A credit score plays an important role in a lender’s decision to extend credit, which helps in getting your loans sanctioned. There are good and bad credit scores. Maintaining a good credit score is vital to give an overall financial picture. They also get your loans approved fast. On the contrary, a bad credit score can have your loan request denied. And this may also lead to a higher interest rate even if you get the loan approved.
Each has a particular range assigned to them, although this varies from bank to bank. The score ranges from 300 to 900. Depending on the number, it can be good or bad. Here’s a look:
- 300 to 500 – Bad
- 550 to 650- Average
- 650 to 750 – Good
- 750 to 900 – Excellent
Authorized credit bureaus like TransUnion CIBIL, Equifax, and others calculate your credit score. They prepare your credit report that lenders check before they sanction a loan.
This article covers:
- What is a credit report?
- Can the report contain mistakes?
- Common errors in the credit report
- Rectification of errors
What is a credit report?
A credit report is a report which contains your credit history, such as the details of the credit that you took, its repayment history, and any defaults. The lenders use the credit reports to decide whether to extend your credit along with the terms. This report may also be used by employers or landlords before offering you a job or a lease. All in all, your credit score is determined using the information from the credit report.
Can the report contain mistakes?
Credit agencies prepare your report based on the information collected from lenders. So, yes, credit reports could have errors. And the errors might occur either when disseminating information or when preparing the report. Errors in your credit reports can lower your credit score, which could cost you your money.
You can request your credit report to review your information. And if you happen to find errors, you can raise a dispute to the credit reporting company and the company that provided the incorrect information to get it rectified.

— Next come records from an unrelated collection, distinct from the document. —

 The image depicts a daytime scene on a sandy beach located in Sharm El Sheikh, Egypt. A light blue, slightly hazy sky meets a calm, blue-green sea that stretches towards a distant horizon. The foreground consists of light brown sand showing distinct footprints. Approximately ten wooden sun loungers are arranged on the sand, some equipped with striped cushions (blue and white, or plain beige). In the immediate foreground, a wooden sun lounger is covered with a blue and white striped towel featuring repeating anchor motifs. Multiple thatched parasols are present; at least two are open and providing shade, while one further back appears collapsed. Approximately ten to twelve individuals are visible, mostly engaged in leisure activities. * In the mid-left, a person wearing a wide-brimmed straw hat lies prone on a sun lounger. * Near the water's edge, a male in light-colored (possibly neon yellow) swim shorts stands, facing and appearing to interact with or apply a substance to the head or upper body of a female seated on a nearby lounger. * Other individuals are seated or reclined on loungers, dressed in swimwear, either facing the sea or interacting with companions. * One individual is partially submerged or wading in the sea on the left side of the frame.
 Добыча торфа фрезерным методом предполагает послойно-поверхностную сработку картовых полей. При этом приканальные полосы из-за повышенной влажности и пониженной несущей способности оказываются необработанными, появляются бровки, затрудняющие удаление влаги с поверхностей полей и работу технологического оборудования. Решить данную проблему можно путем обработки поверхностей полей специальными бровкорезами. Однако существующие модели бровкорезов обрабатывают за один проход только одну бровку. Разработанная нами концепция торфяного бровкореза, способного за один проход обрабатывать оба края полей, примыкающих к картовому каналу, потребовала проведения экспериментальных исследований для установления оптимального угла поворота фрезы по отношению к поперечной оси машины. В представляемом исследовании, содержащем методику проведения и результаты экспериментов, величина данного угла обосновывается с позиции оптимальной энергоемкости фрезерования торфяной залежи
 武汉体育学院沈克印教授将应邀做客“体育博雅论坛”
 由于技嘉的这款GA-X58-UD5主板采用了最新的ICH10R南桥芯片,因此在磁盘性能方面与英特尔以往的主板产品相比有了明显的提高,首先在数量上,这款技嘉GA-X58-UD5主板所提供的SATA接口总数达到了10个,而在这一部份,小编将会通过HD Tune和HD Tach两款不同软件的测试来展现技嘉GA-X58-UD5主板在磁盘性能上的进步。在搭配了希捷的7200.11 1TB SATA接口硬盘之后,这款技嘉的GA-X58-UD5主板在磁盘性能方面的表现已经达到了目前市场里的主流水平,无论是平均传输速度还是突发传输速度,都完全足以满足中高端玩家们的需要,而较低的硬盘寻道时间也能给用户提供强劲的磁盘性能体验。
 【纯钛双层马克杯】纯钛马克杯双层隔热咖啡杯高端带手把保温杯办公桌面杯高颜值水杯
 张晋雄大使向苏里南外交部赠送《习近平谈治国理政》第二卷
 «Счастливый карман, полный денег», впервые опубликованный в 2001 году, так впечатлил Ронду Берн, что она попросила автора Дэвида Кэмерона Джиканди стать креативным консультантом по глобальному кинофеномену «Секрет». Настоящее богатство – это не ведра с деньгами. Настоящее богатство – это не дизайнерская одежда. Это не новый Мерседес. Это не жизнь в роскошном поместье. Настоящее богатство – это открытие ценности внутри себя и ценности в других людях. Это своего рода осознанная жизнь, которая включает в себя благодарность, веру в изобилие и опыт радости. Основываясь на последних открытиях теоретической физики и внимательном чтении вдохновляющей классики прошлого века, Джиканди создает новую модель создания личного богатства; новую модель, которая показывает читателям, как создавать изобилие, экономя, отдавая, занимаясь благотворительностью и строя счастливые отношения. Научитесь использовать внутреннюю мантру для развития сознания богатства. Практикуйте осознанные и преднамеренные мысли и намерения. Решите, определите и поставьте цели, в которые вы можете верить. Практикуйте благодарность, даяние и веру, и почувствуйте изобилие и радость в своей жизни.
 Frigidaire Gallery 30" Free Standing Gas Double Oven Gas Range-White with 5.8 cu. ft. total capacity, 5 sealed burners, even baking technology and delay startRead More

Common errors in the credit report
Here are some errors which might reflect on your credit report:
a. Personal details
Some of the commonly found errors are the incorrect spelling of your name, incorrect middle name or initial, incorrect age, wrong address or phone number, and so on. Moreover, there might be a case of mixed identity if someone else shares your name, and their details are reflected in your report.
b. Credit-related details
There might be errors regarding the credit that you might or might not have availed. A few frequent errors include:
- No entry of a new credit card or loan account
- Entry of a closed loan or credit card account
- Wrong EMI payment date
- Entry of default when there is none from your end
- Duplicate listing
- Missing payment record
These details can impact your credit score, especially if any red flag is recorded by mistake.
c. Balance-related details
Errors in your credit report like incorrect account balances and inaccurate credit limits can affect your score. And if your credit limit is under-recorded or your outstanding balances inflated, they could also hamper your credit score.
Rectification of errors
To err is human, or rather, to err is common, but you can always rectify it. Incorrect entries in the credit report might prove detrimental to your credit health. Your credit score might suffer, especially if the error causes an unfavourable impact on it.

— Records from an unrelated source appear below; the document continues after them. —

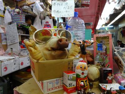 豚の顔が置いてあるお肉屋さんはサービス満点で試食したラフテーはくせがなくておいしかったです。結構な量が入っていたのが売っていましたが、残念ながら帰る日まで時間があるので買いませんでした。
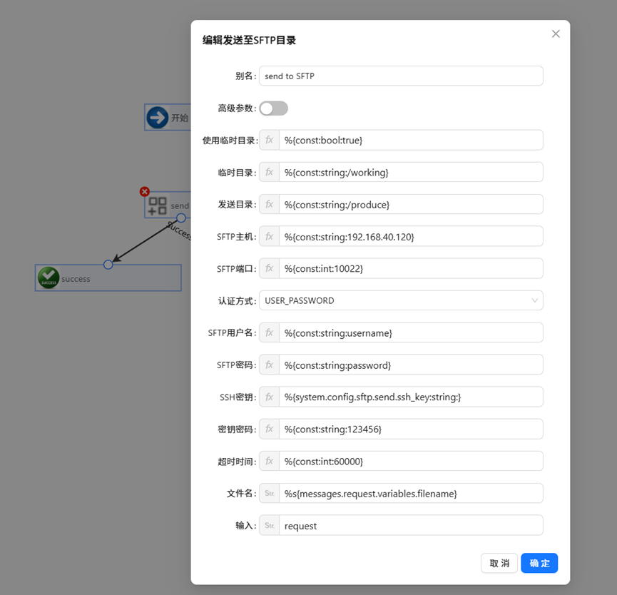 进入send to SFTP流程,打开发送到SFTP算子,编辑相关属性:
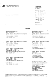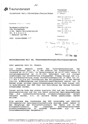 ZA Treuhandanstalt Treuhandanstait Leipziger Straße 5 - ? O9 - 1080 Baln Telefon (WI (0) Telefax {WI (0) Treuhendanstait Pastiarn 192 0.086 Bern Tolon 030/31 84-01 2323-01 030/3164-1320 2323-1320 1152417 ‚dd Durchwanl' Telefon (W) (0) Teiafax (W) (0: 030/31 54- 2323. 0307/3154. 2323- Aktenzachen Ihr Gesprachspartner. Telefax Bundesministerium der Finanzen Bundesministerium für wirtschaft 2.Hd. z.Hd. Dr. Herrn Ministerialdirigent Dr, Knauss - Unterabt. VIIIA FAX: 0228 2530 z.Hd. - = - Unterabt. FAX: 0228 2.Hd. Pr. VIIIB - - 2511 Herrn Referat Herrn - Ministerialrat Kriebel Referat Postfach Ministerialrat LD/THA 022861525098 443-1 z2.Hd. Bukbkinger Ministerlalrat Homann FAX: Herrn Ministerialdirigent Herrn 2 C6 14 02 - 60 5300 Bonn’ FAX: 0228615250 4434 Bierwirth - Referat VIIA4 - Martin-Luther-King-Straße FAX: 0228 2275 108. 2.Hd. Herrn Schaeper Treuarbeit | Postfach z.Hd, Herrn Ministerialrat Wenzel Referat IB5S5 Direktor AG 2722 4000 Düsseldorf FAX: 0211/3394260 Dr, - Graurheindorfer - Straße 108 Bundesministerium für Umwelt, Naturschutz und Reaktorsicherheit 5300 Bonn FAX: 0228 682 4420 z.Hd. Herrn Ministerialdirigent von Dr. Berg Postfach 5300 FAX: Touhendansiat. Ansal das Gflonichen Aecfis Muggaet ©i. Gunter muln Nadarare .enm. Non Ba Ort Word Kinz Voraitzerder dns Varwattungsratar. D° Jans Ouowala Varstama Prgr Dr. /unzanagr Koct Ur Hang Krämer Wilfrenv Ksuso an Karöu.h ner Alplienen 120629 Bonn 0228/3052527 Bieum, Prag len fern Brann\s Vironrardent Dr Klaus Schuent Neowmrmelem Di Klaca Patar Wild Massa Roanam.- Rn

For example, say your credit limit is Rs. 1,00,000, but it is recorded as Rs. 10,000 in your report. It is an error that would increase your credit utilisation ratio and reduce your credit score, a possibility you should rather avoid.
Thankfully, credit bureaus allow rectification of your credit report if any errors are found. You can fill up and submit a dispute form stating the errors detected. The credit agency would verify the errors and then rectify your credit report, giving you the correct picture of your credit score. This, in turn, allows you to avail loans easily.
Check your credit report at least once a year; if possible once half-yearly. It gives you an opportunity to look at your credit details and point out any inconsistencies that might affect your credit score. When you check your credit report, you can also take corrective measures to build up your score if it is low. So, keep an eye out.